Same stack everywhere:

  • Java 25 (LTS)
  • Ollama running locally with qwen3:1.7b for chat and nomic-embed-text for embeddings
  • Maven for build

No cloud APIs, no API keys. Everything runs on your machine.

Each project exposes the same 3 endpoints:

  • /ai/chat: chat with memory, no RAG
  • /ai/rag: chat with RAG + memory
  • /ai/tools: tool calling with memory, no RAG

The Four Contenders

  • LangChain4j 1.13.1 (Pure): The standalone library. No framework, no magic. You wire everything yourself with Javalin as the web server. This is the idiomatic approach when you’re not using a framework: AiServices.builder() is the official pattern for standalone use.
  • Spring AI 1.1.4: Spring’s official AI integration. Uses the Advisor pattern, ChatClient, and Spring Boot auto-configuration. RetrievalAugmentationAdvisor with ContextualQueryAugmenter is the current best practice for RAG.
  • Quarkus LangChain4j 1.8.4 with EasyRAG: The Quarkus LangChain4j extension (Quarkiverse) brings LangChain4j into the Quarkus ecosystem. This variant uses the EasyRAG extension for zero-config RAG. CDI, declarative AI services via @RegisterAiService, @ApplicationScoped with @MemoryId is the documented pattern for multi-user chat.
  • Quarkus LangChain4j 1.8.4 without EasyRAG: Same Quarkus LangChain4j extension, but replaces EasyRAG with a manual RAG pipeline (a CDI bean producing a RetrievalAugmentor). This variant uses TextDocumentParser instead of Tika, matching the document parsing approach of LangChain4j Pure and Spring AI. It costs ~25 lines of Java but eliminates Tika’s startup overhead.

The Result

MetricLangChain4j PureSpring AIQuarkus LangChain4j + EasyRAGQuarkus LangChain4j (manual RAG)
Total Java LOC19218092~117
RAG Java LOC~3050 (RagConfig)0~25 (RagConfig)
Manual wiringExtensiveModerateNoneModerate
Separate AI Services3 interfaces + 3 builders3 ChatClients2 interfaces (declarative)2 interfaces (declarative)
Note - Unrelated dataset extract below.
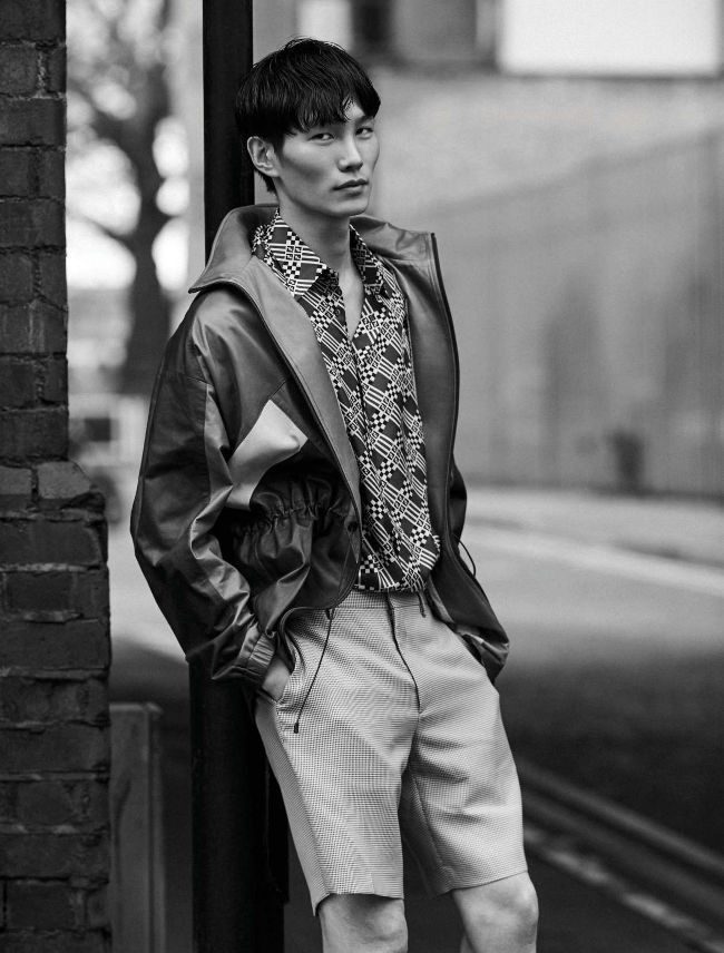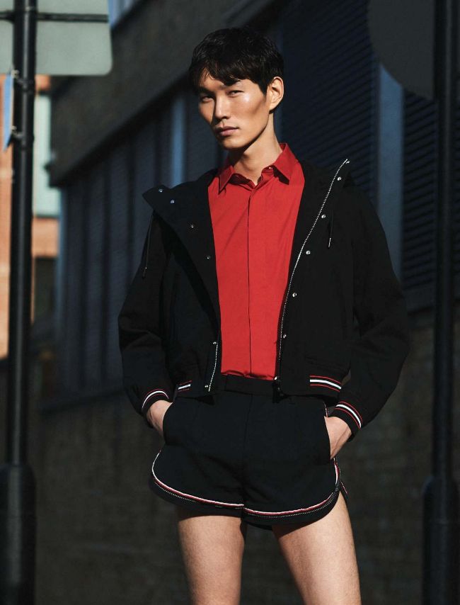 Wonil wears jacket, shirt and shorts, all by Dior Homme

Quarkus LangChain4j with EasyRAG does the same job with 52% less code than LangChain4j Pure and 49% less than Spring AI. The manual RAG variant costs ~25 lines more but still beats both alternatives.

Let me show you why.

Chat: Where It All Starts

LangChain4j Pure: Build Everything

ChatModel chatModel = OllamaChatModel.builder()
    .baseUrl("http://localhost:11434")
    .modelName("qwen3:1.7b")
    .timeout(Duration.ofMinutes(5))
    .build();

Assistant assistant = AiServices.builder(Assistant.class)
    .chatModel(chatModel)
    .chatMemoryProvider(memoryId ->
        MessageWindowChatMemory.withMaxMessages(20))
    .build();

That’s just the wiring for one AI service. You need three separate AiServices.builder() calls for chat, RAG, and tools, plus a separate interface for each. You also need to manually start Javalin, define routes, and handle requests. The Application.java alone is 145 lines.
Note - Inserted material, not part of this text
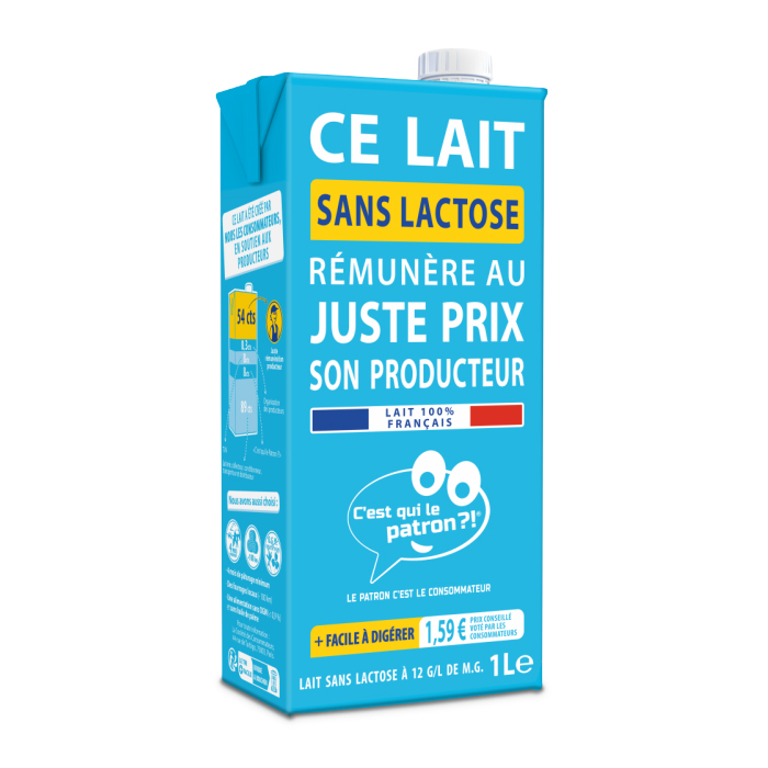 La marque coopérative C’est qui le Patron ?! poursuit son engagement en faveur d’une consommation équitable avec une brique de lait sans lactose qui garantit une rémunération juste pour les producteurs.
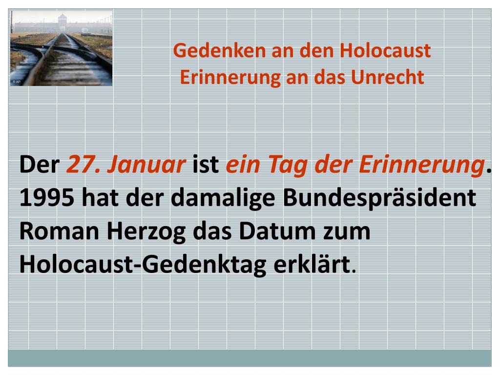 Gedenken an den Holocaust Erinnerung an das Unrecht Der 27. Januar ist ein Tag der Erinnerung. 1995 hat der damalige Bundespräsident Roman Herzog das Datum zum Holocaust-Gedenktag erklärt.

Spring AI: Less Boilerplate, Still Verbose

public AiResource(ChatModel chatModel, VectorStore vectorStore,
        ChatMemory chatMemory, CalculatorTool calculatorTool) {
    MessageChatMemoryAdvisor memoryAdvisor =
        MessageChatMemoryAdvisor.builder(chatMemory).build();

    this.chatClient = ChatClient.builder(chatModel)
        .defaultAdvisors(memoryAdvisor)
        .build();

    this.ragChatClient = ChatClient.builder(chatModel)
        .defaultAdvisors(memoryAdvisor, ragAdvisor)
        .build();

    this.toolsChatClient = ChatClient.builder(chatModel)
        .defaultAdvisors(memoryAdvisor)
        .build();
}

Spring AI 1.1.4 auto-configures the ChatMemory bean (InMemoryChatMemoryRepository + 20-message window), nice. But you still manually build each ChatClient, wire the advisors, and pass the conversation ID per-request. AiResource.java is 91 lines, plus RagConfig.java is another 50.

Quarkus LangChain4j: An Interface and Properties

@RegisterAiService(retrievalAugmentor = RegisterAiService.NoRetrievalAugmentorSupplier.class)
@ApplicationScoped
public interface Assistant {
    String chat(@MemoryId String userId, @UserMessage String message);
    @ToolBox(CalculatorTool.class)
    String chatWithTools(@MemoryId String userId, @UserMessage String message);
}
quarkus.langchain4j.ollama.chat-model.model-id=qwen3:1.7b
quarkus.langchain4j.ollama.timeout=5m
quarkus.langchain4j.chat-memory.type=message-window
quarkus.langchain4j.chat-memory.memory-window.max-messages=20

That’s it. CDI handles model, memory, and tools wiring. @ApplicationScoped keeps the service (and its memory) alive across requests: the documented pattern for multi-user chat with @MemoryId. AiResource.java is 39 lines.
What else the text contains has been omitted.